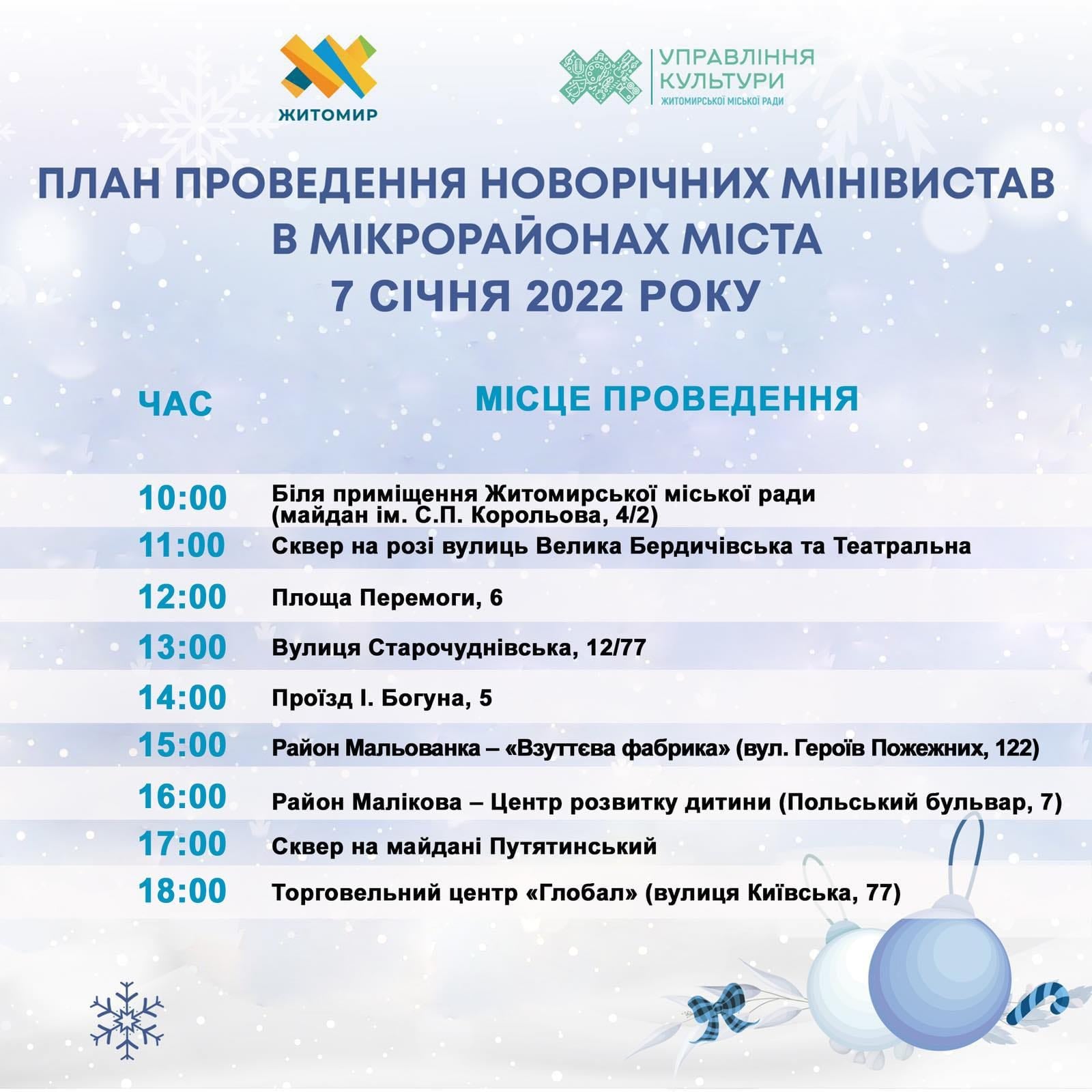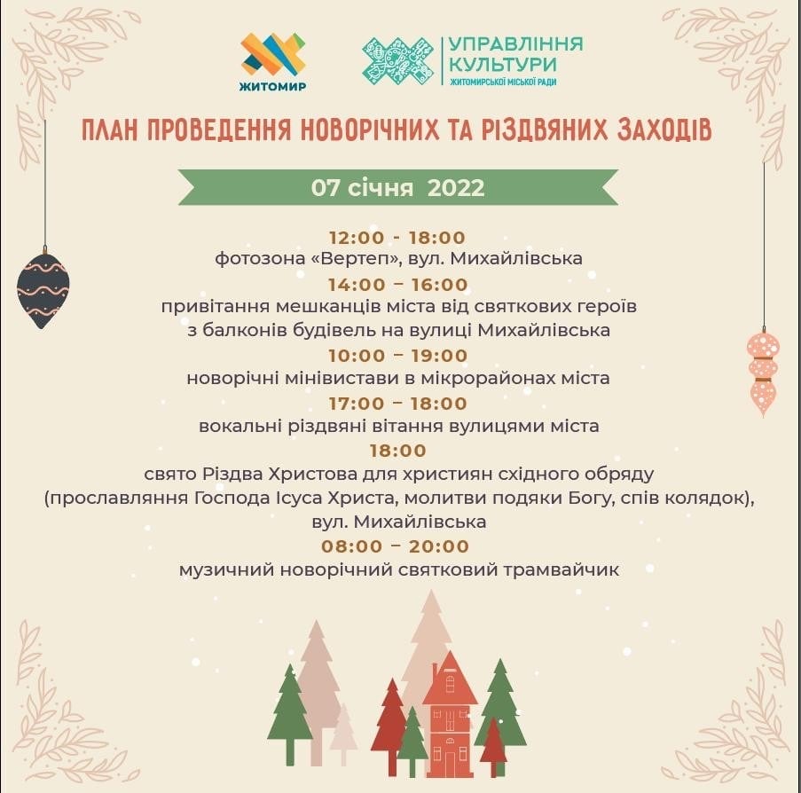 Крім того, вдень на пішохідній вулиці з балконів будівель житомирян вітатимуть казкові герої. Головне дійство відбудеться о 18:00. Також на Михайлівські будуть молитися та співати колядки.
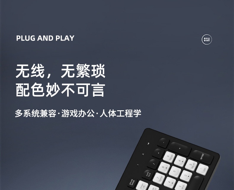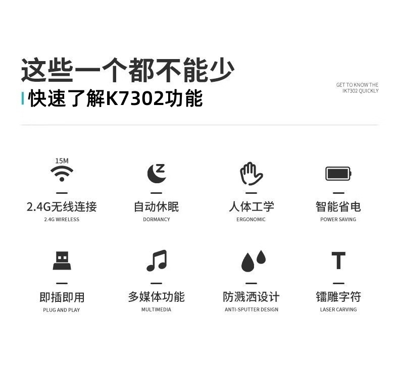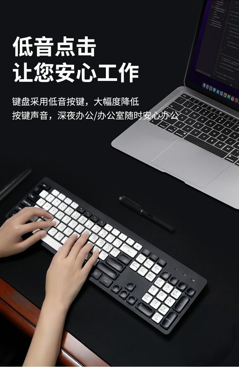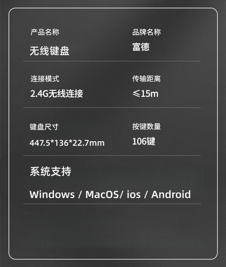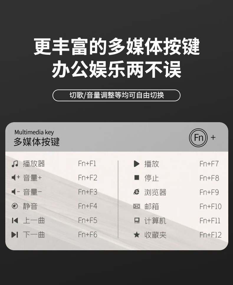 富德K7302 白绿色2.4G无线办公低音降噪通用薄款便携多媒体键盘
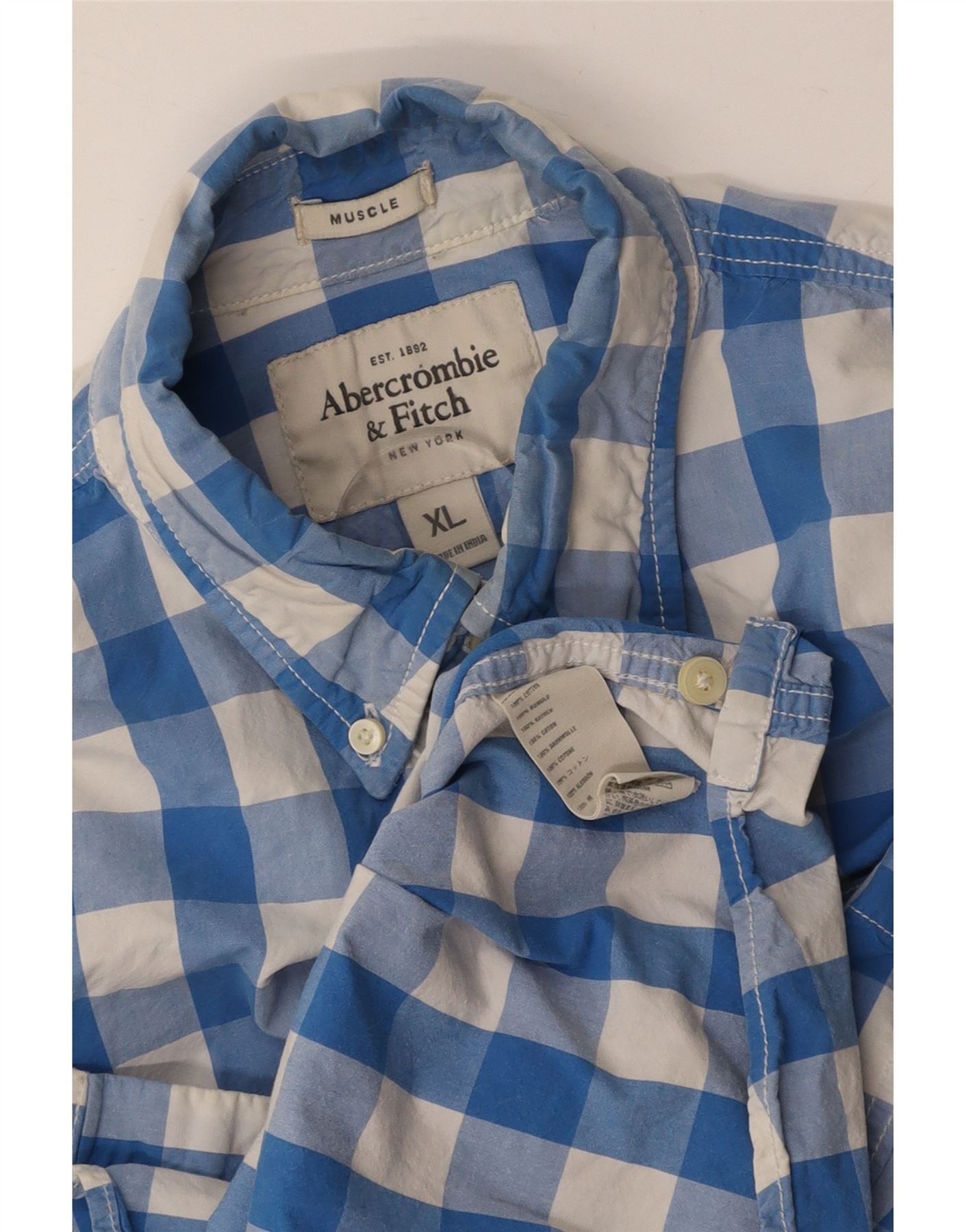 ABERCROMBIE & FITCH Mens Muscle Shirt XL Blue Check Cotton

### What is needed:
Each line of the material above should be set down exactly, with no pictures.

### Result for this exercise:
 Крім того, вдень на пішохідній вулиці з балконів будівель житомирян вітатимуть казкові герої. Головне дійство відбудеться о 18:00. Також на Михайлівські будуть молитися та співати колядки.
 富德K7302 白绿色2.4G无线办公低音降噪通用薄款便携多媒体键盘
 ABERCROMBIE & FITCH Mens Muscle Shirt XL Blue Check Cotton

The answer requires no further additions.